_WHAT TO WORK ON:_ From the line containing "From Mirimonde, signed" through the last line below, copy every line exactly, leaving out the pictures.

Records from a data collection
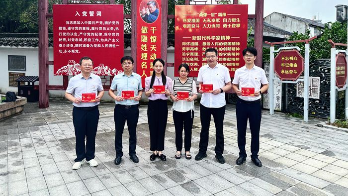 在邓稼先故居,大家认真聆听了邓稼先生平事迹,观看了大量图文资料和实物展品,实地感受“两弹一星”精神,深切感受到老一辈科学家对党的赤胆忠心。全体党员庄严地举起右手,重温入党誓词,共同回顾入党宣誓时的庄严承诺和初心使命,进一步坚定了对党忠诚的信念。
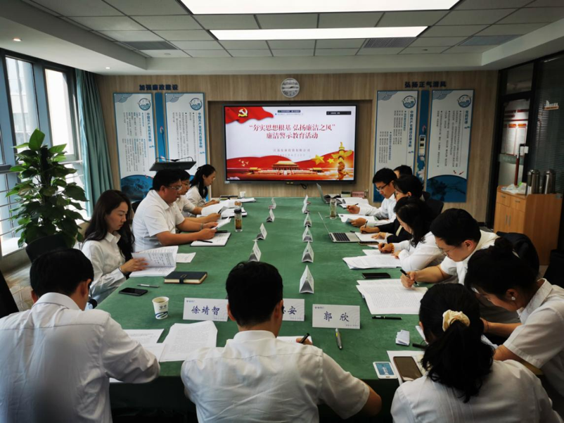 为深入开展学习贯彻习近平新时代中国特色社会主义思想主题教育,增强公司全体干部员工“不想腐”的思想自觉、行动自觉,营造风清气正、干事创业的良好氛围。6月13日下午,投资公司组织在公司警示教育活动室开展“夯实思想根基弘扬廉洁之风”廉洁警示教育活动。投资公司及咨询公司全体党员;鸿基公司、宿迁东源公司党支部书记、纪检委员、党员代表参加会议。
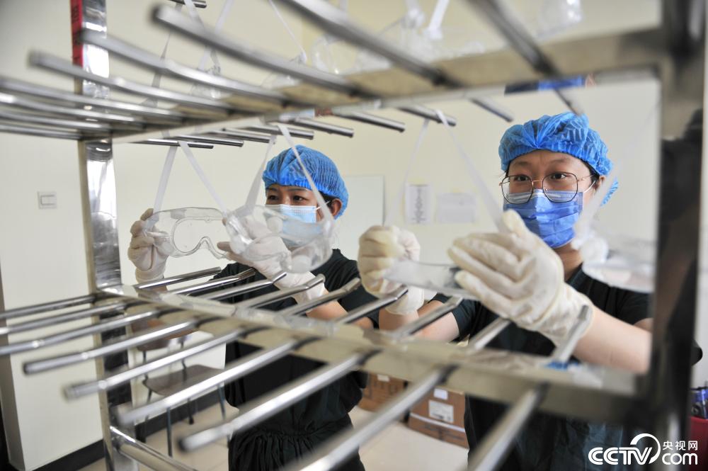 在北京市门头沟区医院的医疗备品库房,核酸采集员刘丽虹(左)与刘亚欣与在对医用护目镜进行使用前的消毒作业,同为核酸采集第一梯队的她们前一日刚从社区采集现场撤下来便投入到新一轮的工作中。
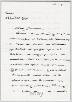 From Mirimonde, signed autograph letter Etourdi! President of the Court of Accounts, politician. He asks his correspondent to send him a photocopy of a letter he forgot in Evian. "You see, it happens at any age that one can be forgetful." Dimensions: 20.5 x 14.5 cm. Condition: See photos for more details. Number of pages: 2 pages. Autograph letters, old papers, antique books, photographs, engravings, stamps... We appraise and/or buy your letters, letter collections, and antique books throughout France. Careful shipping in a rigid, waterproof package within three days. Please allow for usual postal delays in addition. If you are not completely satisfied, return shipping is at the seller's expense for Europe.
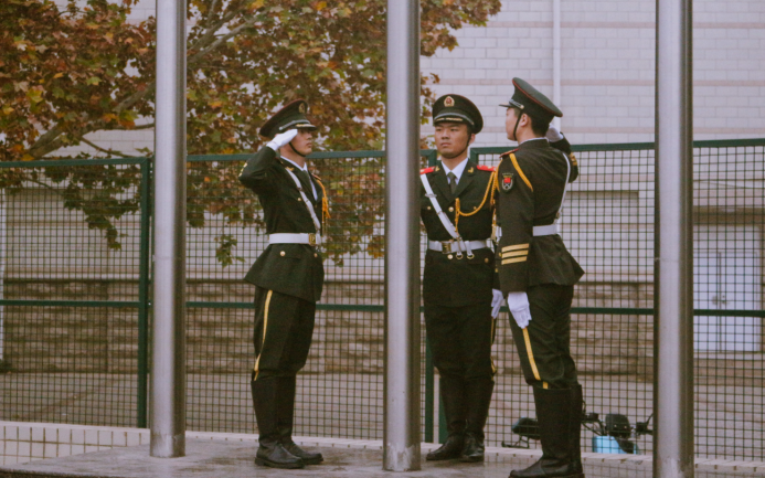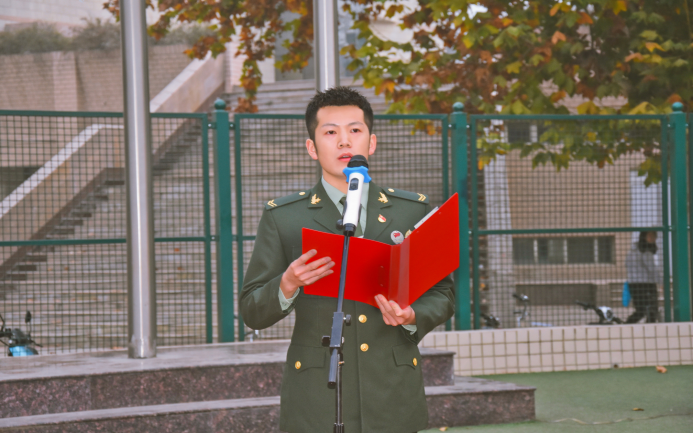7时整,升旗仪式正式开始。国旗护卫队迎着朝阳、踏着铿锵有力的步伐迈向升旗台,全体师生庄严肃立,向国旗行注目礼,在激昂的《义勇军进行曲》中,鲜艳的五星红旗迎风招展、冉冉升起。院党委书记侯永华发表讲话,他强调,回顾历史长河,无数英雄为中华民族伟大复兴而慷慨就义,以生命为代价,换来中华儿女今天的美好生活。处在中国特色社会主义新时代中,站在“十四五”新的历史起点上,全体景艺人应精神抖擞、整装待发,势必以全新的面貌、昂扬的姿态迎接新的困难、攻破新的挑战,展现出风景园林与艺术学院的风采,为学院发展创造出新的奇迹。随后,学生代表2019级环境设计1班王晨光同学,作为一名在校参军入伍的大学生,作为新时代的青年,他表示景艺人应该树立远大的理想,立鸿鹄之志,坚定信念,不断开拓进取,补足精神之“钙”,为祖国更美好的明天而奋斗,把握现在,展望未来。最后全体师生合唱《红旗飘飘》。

_WRITTEN ANSWER:_
 From Mirimonde, signed autograph letter Etourdi! President of the Court of Accounts, politician. He asks his correspondent to send him a photocopy of a letter he forgot in Evian. "You see, it happens at any age that one can be forgetful." Dimensions: 20.5 x 14.5 cm. Condition: See photos for more details. Number of pages: 2 pages. Autograph letters, old papers, antique books, photographs, engravings, stamps... We appraise and/or buy your letters, letter collections, and antique books throughout France. Careful shipping in a rigid, waterproof package within three days. Please allow for usual postal delays in addition. If you are not completely satisfied, return shipping is at the seller's expense for Europe.
7时整,升旗仪式正式开始。国旗护卫队迎着朝阳、踏着铿锵有力的步伐迈向升旗台,全体师生庄严肃立,向国旗行注目礼,在激昂的《义勇军进行曲》中,鲜艳的五星红旗迎风招展、冉冉升起。院党委书记侯永华发表讲话,他强调,回顾历史长河,无数英雄为中华民族伟大复兴而慷慨就义,以生命为代价,换来中华儿女今天的美好生活。处在中国特色社会主义新时代中,站在“十四五”新的历史起点上,全体景艺人应精神抖擞、整装待发,势必以全新的面貌、昂扬的姿态迎接新的困难、攻破新的挑战,展现出风景园林与艺术学院的风采,为学院发展创造出新的奇迹。随后,学生代表2019级环境设计1班王晨光同学,作为一名在校参军入伍的大学生,作为新时代的青年,他表示景艺人应该树立远大的理想,立鸿鹄之志,坚定信念,不断开拓进取,补足精神之“钙”,为祖国更美好的明天而奋斗,把握现在,展望未来。最后全体师生合唱《红旗飘飘》。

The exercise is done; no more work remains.